**ACTIVITY:**
Return every line of the records, exact and in full, until you have returned the line with "凤头雀莺:小型鸟类。体长9-10厘米,雄", and include none of the pictures.

**SUPPLIED RECORDS:**
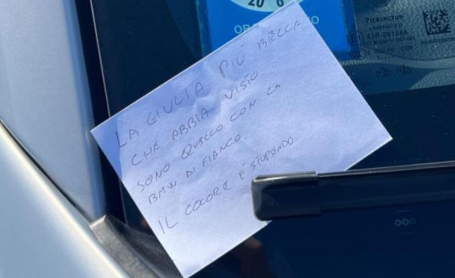 Όλα ξεκίνησαν όταν ο οδηγός της εντυπωσιακής Giulia επέστρεψε στο σημείο που είχε σταθμεύσει το αυτοκίνητό του και παρατήρησε ένα χαρτί κολλημένο στο παρμπρίζ. Όπως ήταν φυσικό, η πρώτη του σκέψη ήταν ότι επρόκειτο για κλήση λόγω παράνομου παρκαρίσματος.
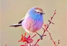 凤头雀莺:小型鸟类。体长9-10厘米,雄鸟呈毛茸茸的紫色和绛紫色,顶冠淡紫灰色,额及凤头白色,尾全蓝。雌鸟喉及上胸白,至臀部渐变成淡紫色,耳羽灰,…全部>>
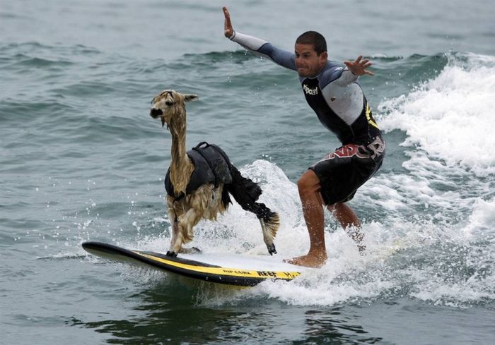 Альпаки – это милые и добрые животные, которые обитают на горных склонах Анд. Часто жители Перу и Чили держат их в качестве домашних любимцев, поскольку шерсть альпака ценится во всем мире. Этим экзотическим зверькам не свойственно плавать в океанских просторах, поэтому Доминго Пьянесси понадобилось целых два месяца, чтобы поставить альпака на доску. Кстати, Пьянесси – это первый в мире серфингист, который отважился на подобный эксперимент. Являясь одним из лучших тренеров в мире, он уже более 10 лет обучает своему делу собак и выиграл не один чемпионат по собачьему серфингу. По словам Доминго, путешествуя по Австралии, где на доску смело ставали кенгуру, коалы и даже свиньи, он принял решения взяться за что-то новое и научить серфингу перуанского альпака.
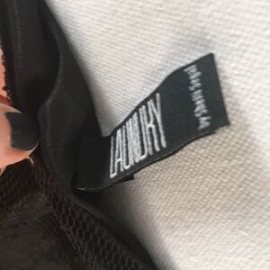 Laundry Black Lace Overlay Spaghetti Strap Cocktail Dress. Black 100% nylon w lining 100% polyester. Lace overlay dress w spaghetti straps. Falls right above the knee. Gently worn. No snaps or zippers. Waist approximately 15.5” depending on your height. Approx 36” from top of strap to bottom hem. Size 4.
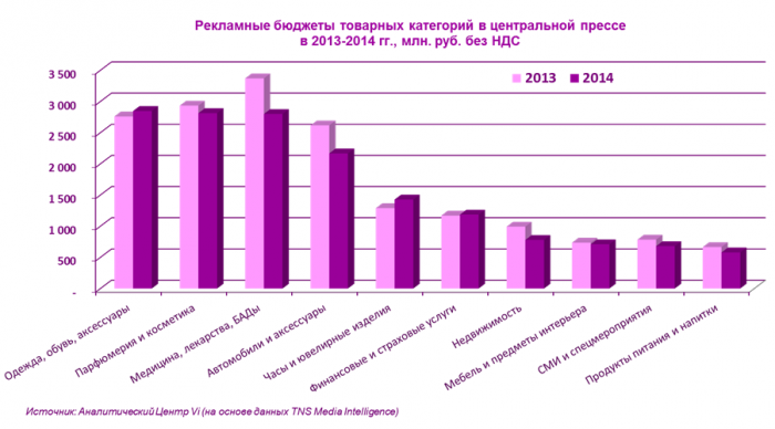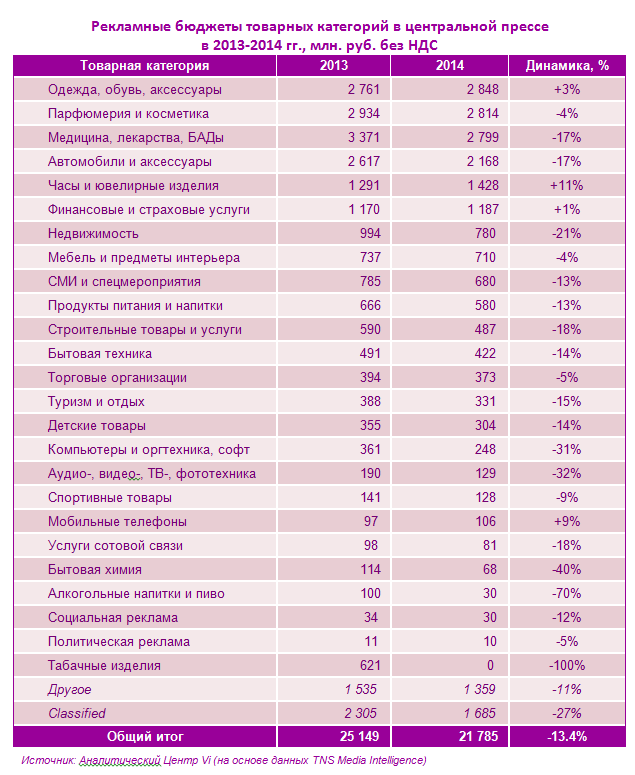 Лидирующая в 2013 г. товарная категория «Медицина, лекарства, БАДы» из-за 17% сокращения бюджетов опустилась на 3-е место, а лидирующее положение заняла товарная группа «Одежда, обувь, аксессуары» (+3%), потеснившая заодно и «Парфюмерию и косметику» (-4%). «Автомобили и аксессуары» остались на 4-м месте, сократив объемы рекламы на -17% (-11% в 2013 г.). Заметный рост показали лишь две товарные категории: «Часы и ювелирные изделия» (+11%) и «Мобильные телефоны» (+9%). Причем последние, в основном, из-за проседания в 2013 г. на 24% и благодаря лишь одному рекламодателю – SAMSUNG ELECTRONICS.
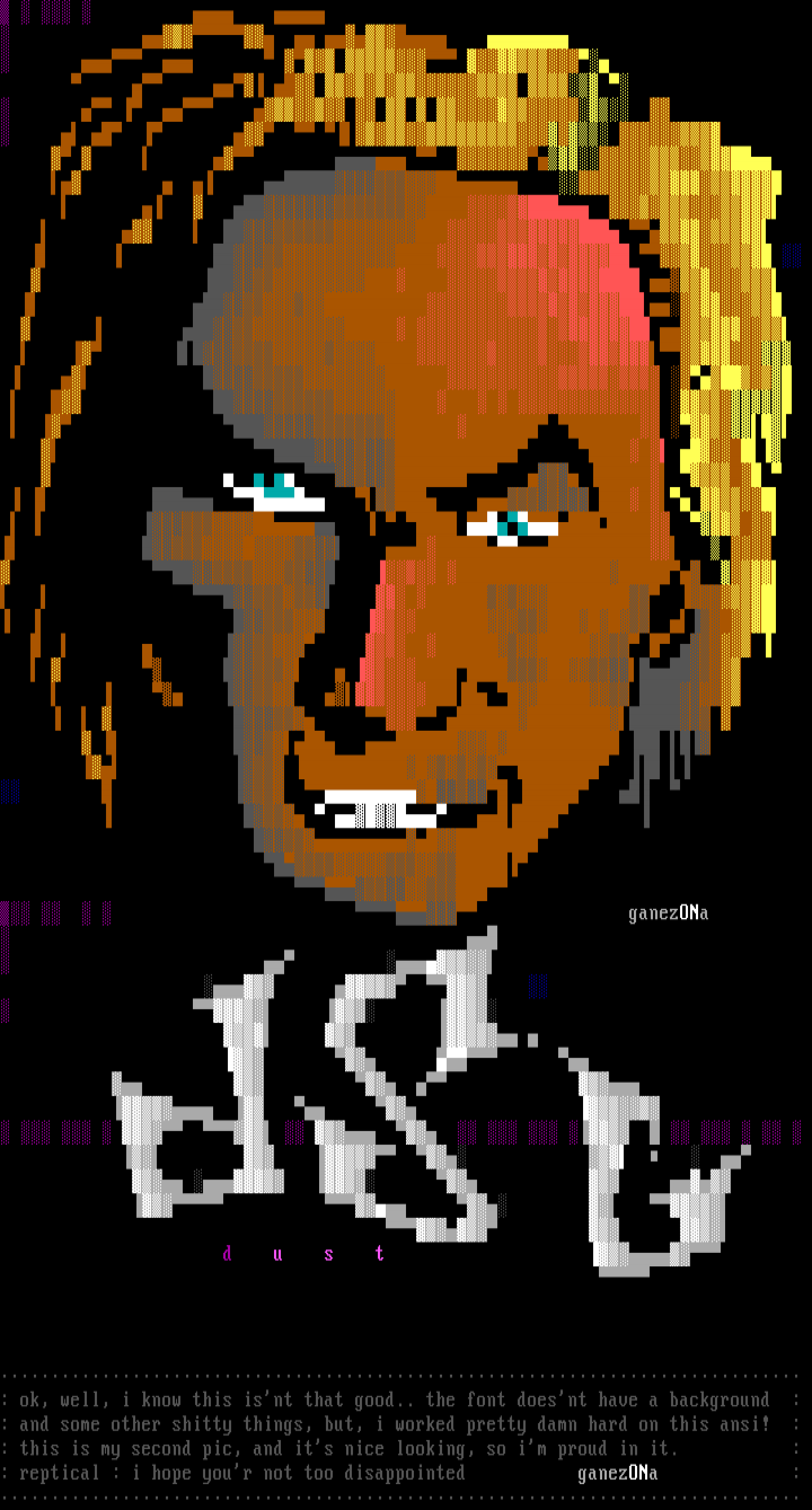: ok, well, i know this isnt that good.. the font doesnt have a background : : and some other shitty things, but, i worked pretty damn hard on this ansi! :
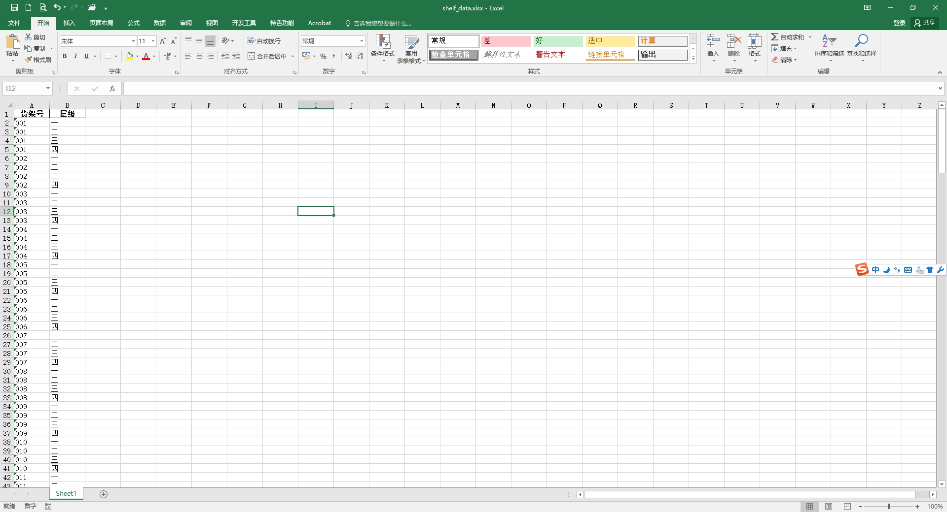 这个程序首先生成货架号和层级数据,然后将这些数据存储在一个Pandas DataFrame中,并最终将DataFrame保存为一个名为 shelf_data.xlsx 的Excel文件。运行这个脚本后,你会在当前目录下看到生成的Excel文件。
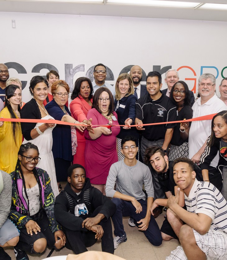 Principals and students of the Grand St. Campus, led by Principal Rosemary Vega of School…
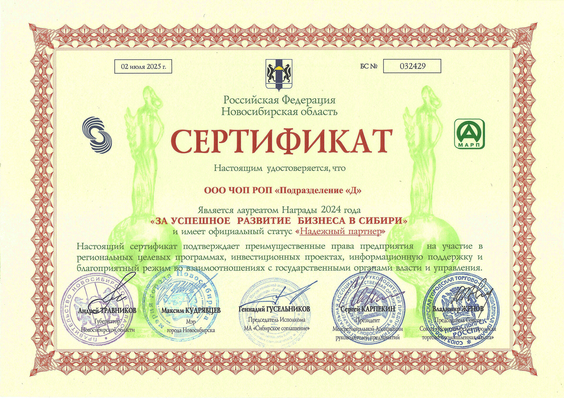 ООО ЧОП РОП "Подразделение "Д" получило сертификат и диплом лауреата награды и имеет заслуженный официальный статус "Надежный партнер"!
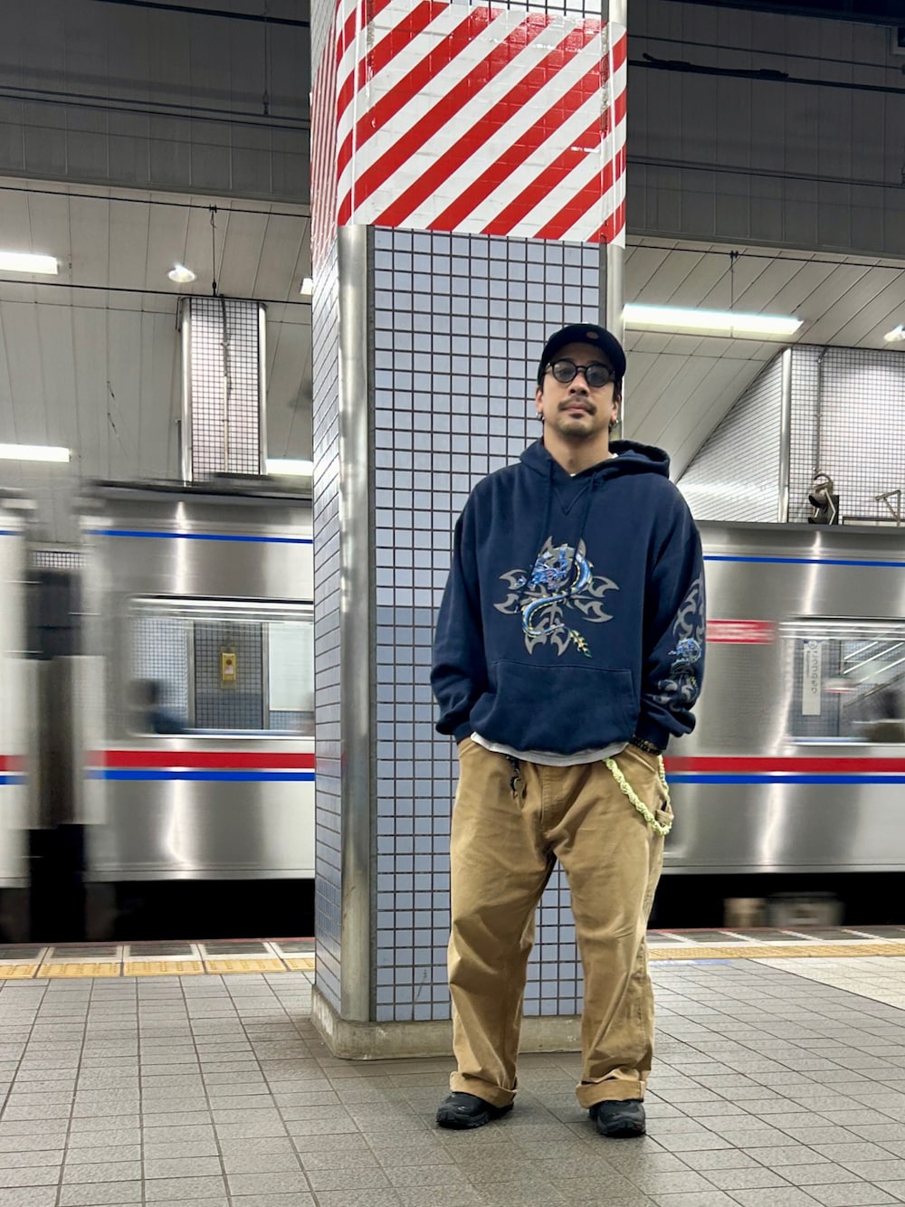 やっとパーカーが着れるくらいの気温になって来たのでまたこいつを引っ張り出して来ました。 デザイン、シルエット共にお気に入りの1着。 パンツもかなり色の抜けて来たカーハートで全身古着コーデです。
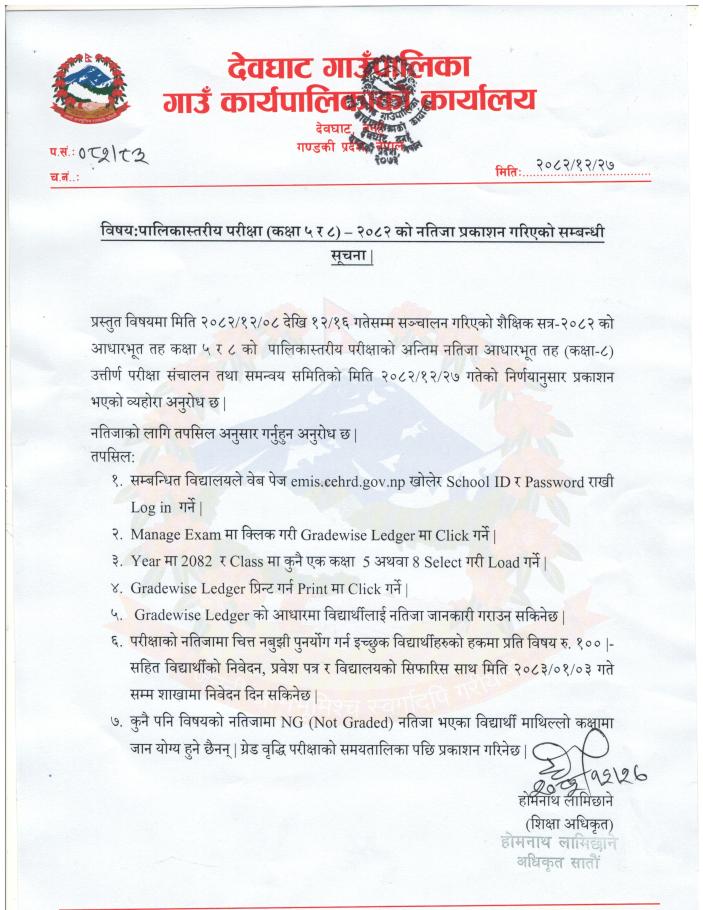 पालिकास्तरीय परीक्षा (कक्षा ५ र ८) - २०८२ को नजिजा प्रकाशन गरिएको सम्बन्धी सूचना !

**RESPONSE BELOW:**
 Όλα ξεκίνησαν όταν ο οδηγός της εντυπωσιακής Giulia επέστρεψε στο σημείο που είχε σταθμεύσει το αυτοκίνητό του και παρατήρησε ένα χαρτί κολλημένο στο παρμπρίζ. Όπως ήταν φυσικό, η πρώτη του σκέψη ήταν ότι επρόκειτο για κλήση λόγω παράνομου παρκαρίσματος.
 凤头雀莺:小型鸟类。体长9-10厘米,雄鸟呈毛茸茸的紫色和绛紫色,顶冠淡紫灰色,额及凤头白色,尾全蓝。雌鸟喉及上胸白,至臀部渐变成淡紫色,耳羽灰,…全部>>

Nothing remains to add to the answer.